Thankfulness and the value of things

In the Gospels, we find Jesus using repair as a teaching illustration. If you’re patching your clothes, he says, do you use un-shrunk cloth? Of course not, laughs his audience. The patch will tear away from the cloth and make it worse! Nobody would do that.

It’s a bit of rhetoric that assumes a familiarity with repair. His listeners would know a thing or two about patching their clothes, mending their fishing nets, and taking good care of the very few household items that they owned. In pre-industrial times, both in Israel and well beyond, everything had to be made by hand. Every object represented hours of somebody’s time – sometimes a huge amount of it. And they were thus fiendishly expensive.

It’s a theme we see elsewhere in the Bible. Honoured people are given ‘fine linen’ and ‘costly garments’. When Joseph is given a coat of many colours, it makes his brothers angry enough to want to kill him.

How expensive are we talking about, if a cloak can become a matter of life and death?

In his book Stuffocation, James Wallman attempts to add up the labour that would have gone into a medieval chemise – a linen under-shirt worn by men and women, rich and poor alike. It’s a thousand years on from Bible times, but the technologies are not so different and it’s a decent indicator of the value involved.

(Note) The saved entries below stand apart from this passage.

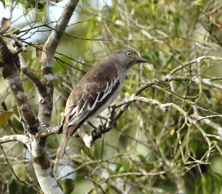 Pompadour cotinga (female) at Manaus - AM - Brazil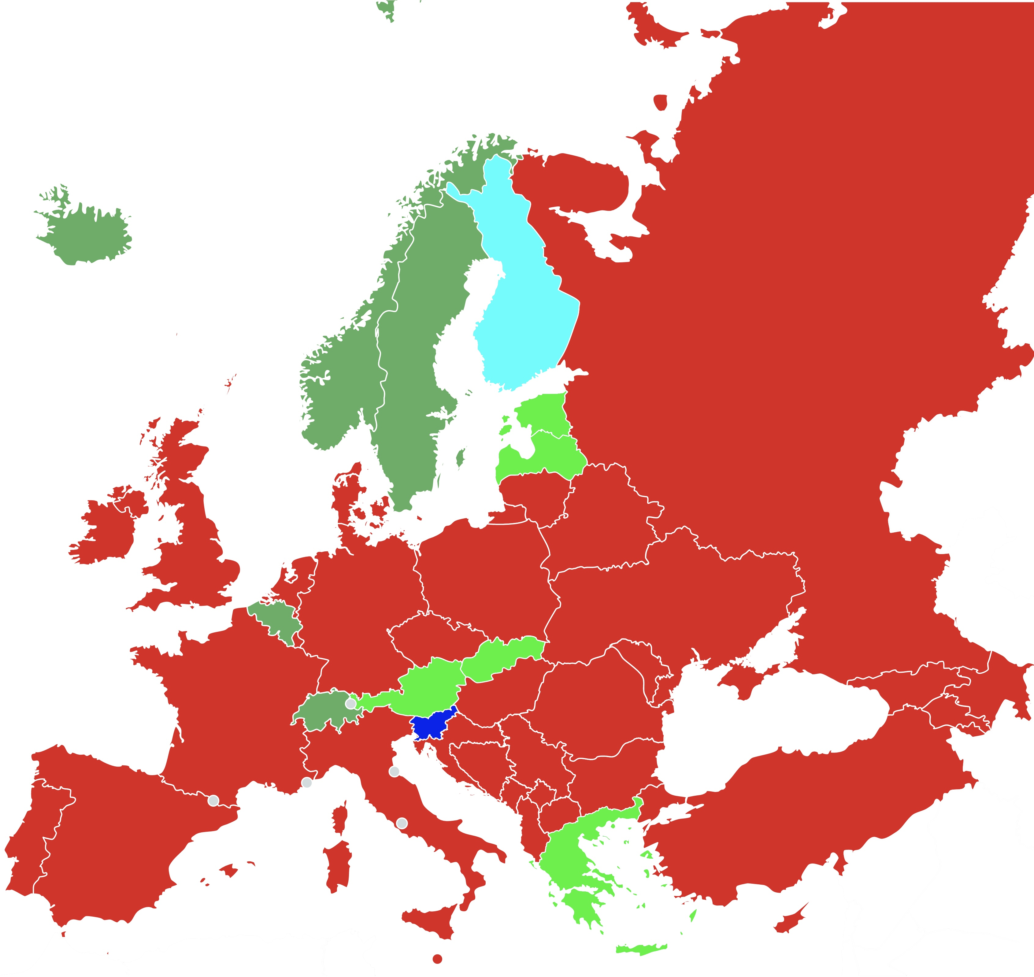 Legal requirements for ritual slaughter in Europe 2018. Stunning not required Post-cut stunning required Simultaneous stunning required Pre-cut stunning required Ritual slaughter banned No data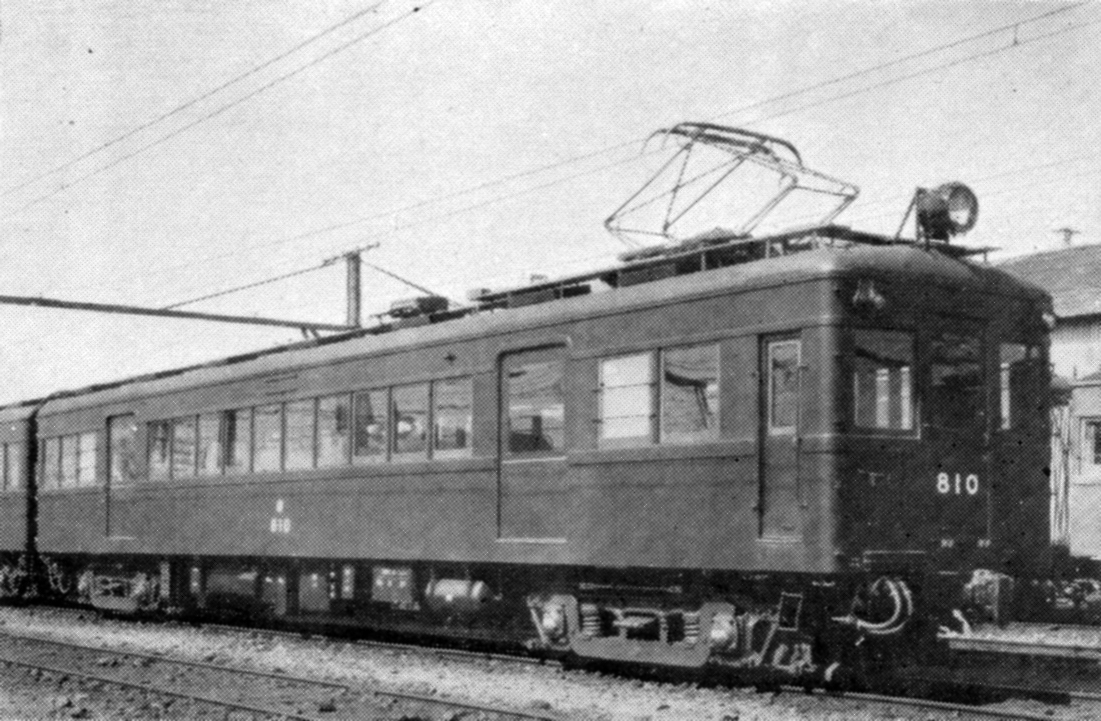 Hankyu 810.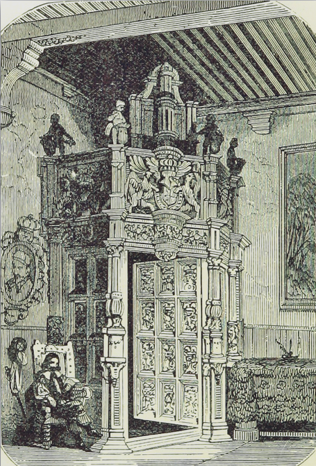 Portal crafted by Pauwel van der Schelden opens into the Schepenzaal of the Town Hall of Oudenaarde, Belgium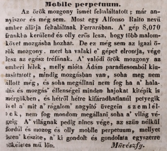 Text about the perpetuum mobile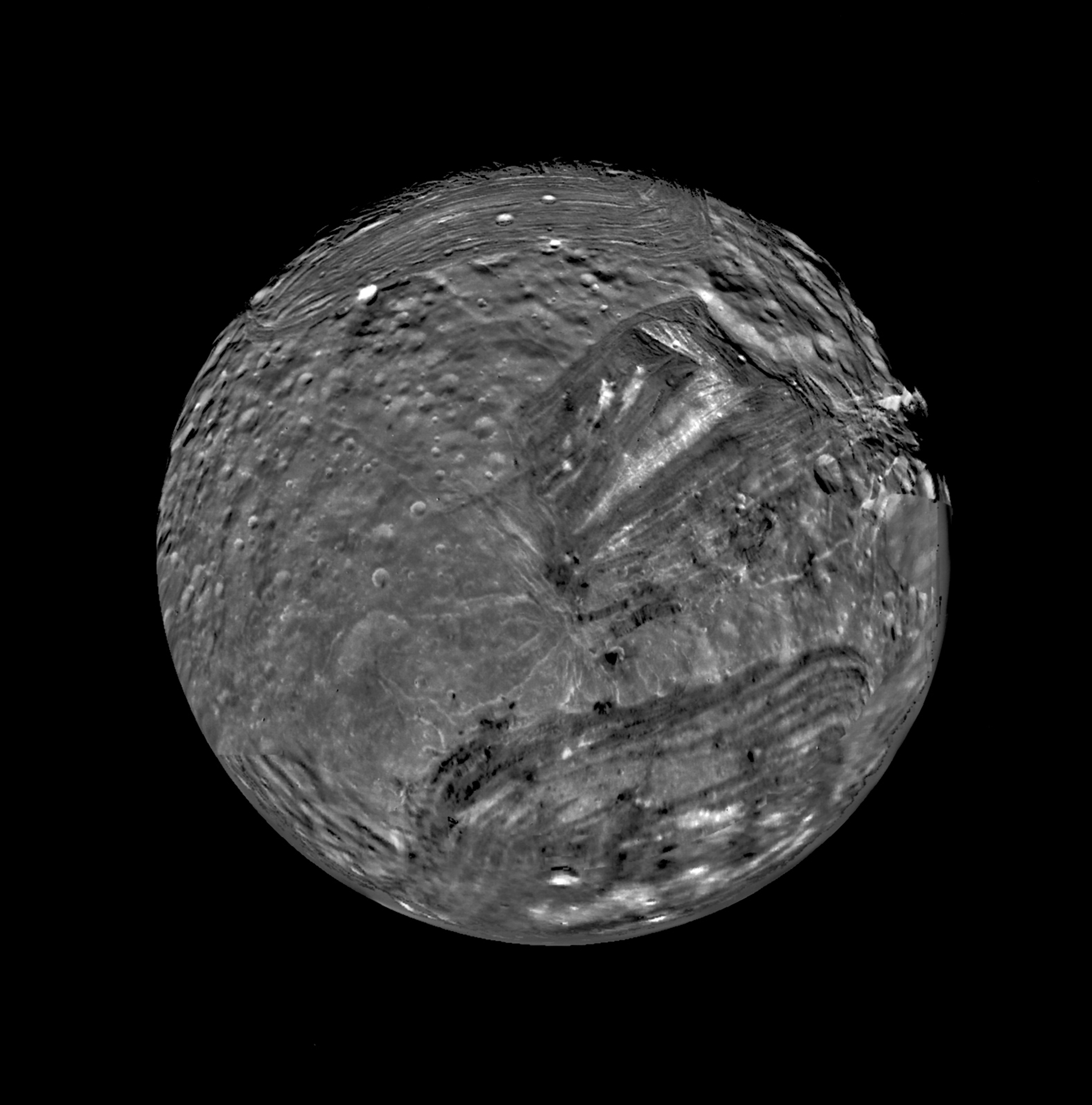 Flying by in early 1986, Voyager 2 captured the pictures for this image mosaic of Miranda, which enabled scientists to study this moon of Uranus in much greater detail than ever before. First observed in 1948 by Gerard Peter Kuiper, Miranda is named for the daughter of the wily Prospero in Shakespeare's "The Tempest." It was the fifth satellite of Uranus to be discovered, and is the planet's innermost large moon. It was necessary for Voyager 2 to pass by Miranda, not for scientific reasons, but simply to obtain the gravity assist it needed from Uranus to go on to Neptune. Before Voyager, Miranda was largely ignored as it is not the largest moon and did not seem to have any other outstanding qualities. Fortunately, however, Voyager passed close enough to Miranda to provide scientists with fascinating photographs that captivated astronomers. About half ice and half rock, Miranda's surface has terraced layers and other features that indicate both older and younger surfaces coexist. Scientists have proposed two explanations for the the mixing of ancient and recent surfaces. One theory is that Miranda could have been shattered and then reassembled as many as five times. Another hypothesis is that upwellings of partly melted ice created new surfaces.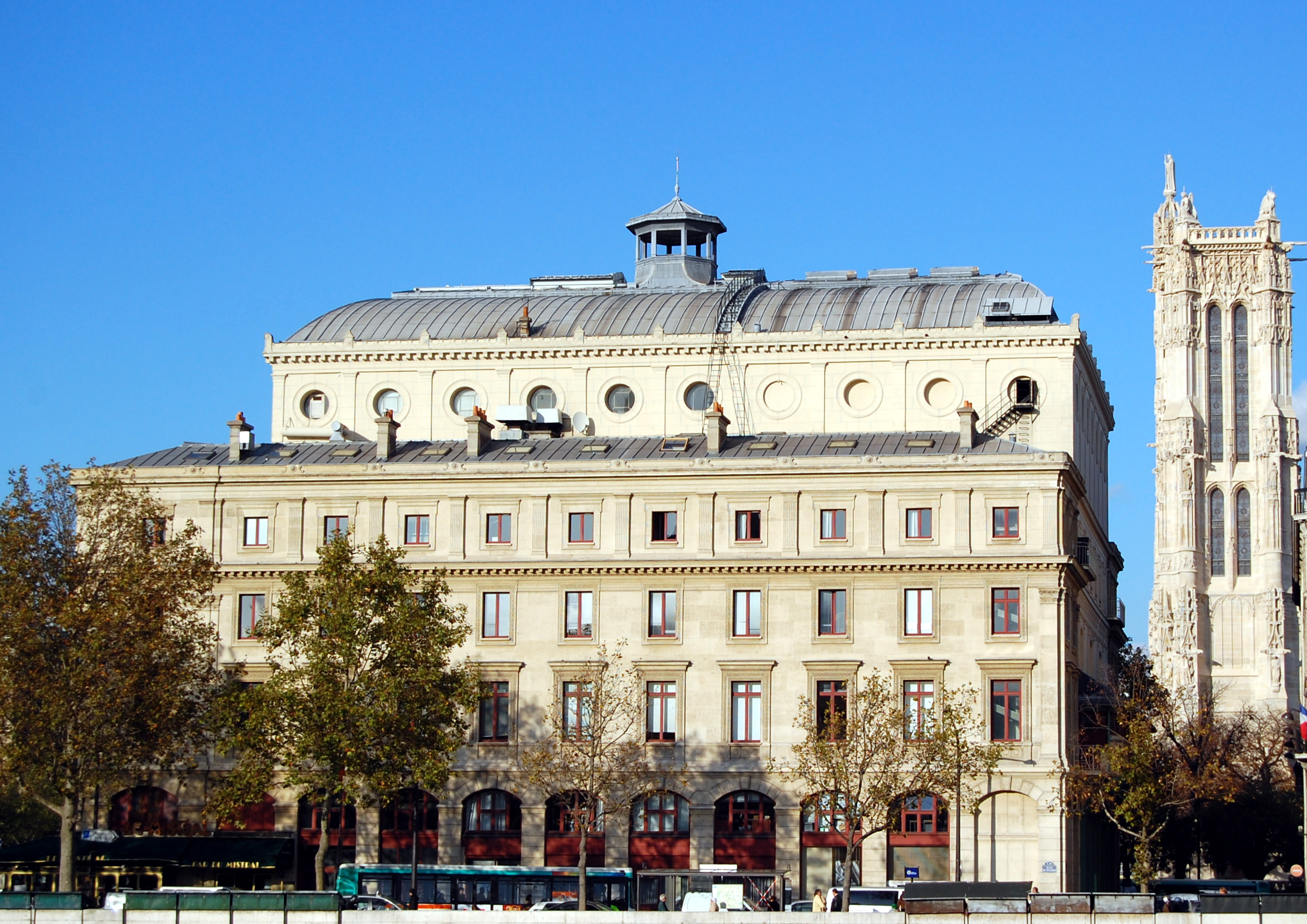 Theatre de la Ville, seen from the Seine, Paris, France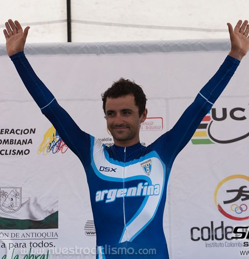 Leandro Messineo, Argentine cyclist Pan American Champion 2011 Individual Time Trial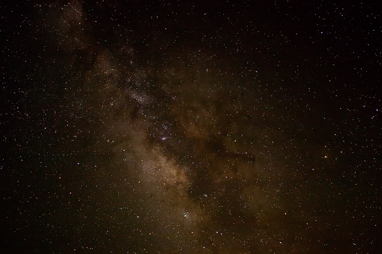 A view of the night sky near Sagittarius, enhanced to show better contrast and detail in the dust lanes.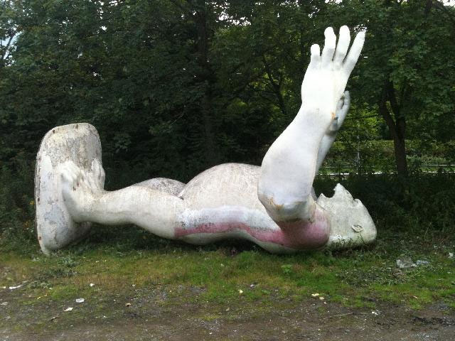 statue of King Kong by Nicholas Monro, at Penrith.

According to Wallman, a tailor could sew a shirt in a day. But each one needed four yards of cloth, and that’s where it starts to get expensive. A weaver might take 90 hours to make four yards of cloth. And that cloth, in turn, required 5,400 yards of thread that would take 400 hours at a spinning wheel. There could easily be two months’ work sunk into a single shirt, and so a fair price would have to reflect that: around £2,000 in today’s money.

You can see why people would be familiar with repair.

You can also see the impact of spinning machines and steam-powered weaving looms in the industrial revolution. By mechanising those tasks, thousands of hours were cut out of the process of making clothes. Costs dropped dramatically. Ordinary people could afford a wardrobe of clothes, not just their workwear and Sunday best. In time, fabrics became so cheap that people could consider things like tablecloths and curtains – extraordinary luxuries that only the richest could have dreamed of.

It might seem hard to imagine soft furnishings as a kingly luxury, as we walk the hallowed halls of Ikea or Dunelm Mill today. But that’s why it’s worth reminding ourselves of these stories.

We live in an age of plenty and even of excess. We have moved beyond the pleasures of owning nice things and built our economy around the more specific joy of acquiring new things – even though that means the endless expense and endless waste of ‘consumerism’.

There is a horrendous dark-side to this, from the soil pollution in the cotton fields to the sweatshop labour behind the fashion industry. And that is sadly nothing new. The cheap cotton of the industrial revolution came from slave plantations, the luxury for Europeans paid for with the stolen labour of Black people. Even today, consumerism relies on a social and environmental ‘elsewhere’, still divided along racial lines, to keep the goods flowing and the true cost of them hidden.

This is lamentable, and our faith calls us to work against these injustices.

At the same time, if we jump too quickly to how terrible consumerism is, we might miss one of the most useful tools for addressing it: thankfulness.

Pause to consider how remarkable it is that most of us have so much. Consider the enormity of the progress between your wardrobe, and the disciples discussing shirt repair on a Galilean hillside. Think about the expanding access to goods, the way that so many of us can literally live like kings, the democratising effect that cheaper things has had. Think about the growing reach of this abundance, from a privileged few thousand, to millions, to billions.

Consider the unfathomable total of hours freed up by machines, the human lifetimes liberated from boring and repetitive work at looms and spinning wheels – the kind of work that was often left to people with little choice in the matter, including children.

Yes, the waste of consumerism should call us to better stewardship, a greater appreciation of what we have, and concern for the rights of those in the supply chain. But the benefits of plenty can also be responsibly accepted as the gift that they are. We can choose an outfit and get dressed in the morning with thankfulness, open the curtains with gratitude for a new day – but also with gratitude for curtains!

In taking that moment to be thankful, consumerism is disarmed. The call of novelty, at any human or environmental cost, is silenced. Look at what we have already. What is to be gained from more? With so much already, what can I give? Who is going without, and what can I do about it?

This is the joy of enough, and it can change the world.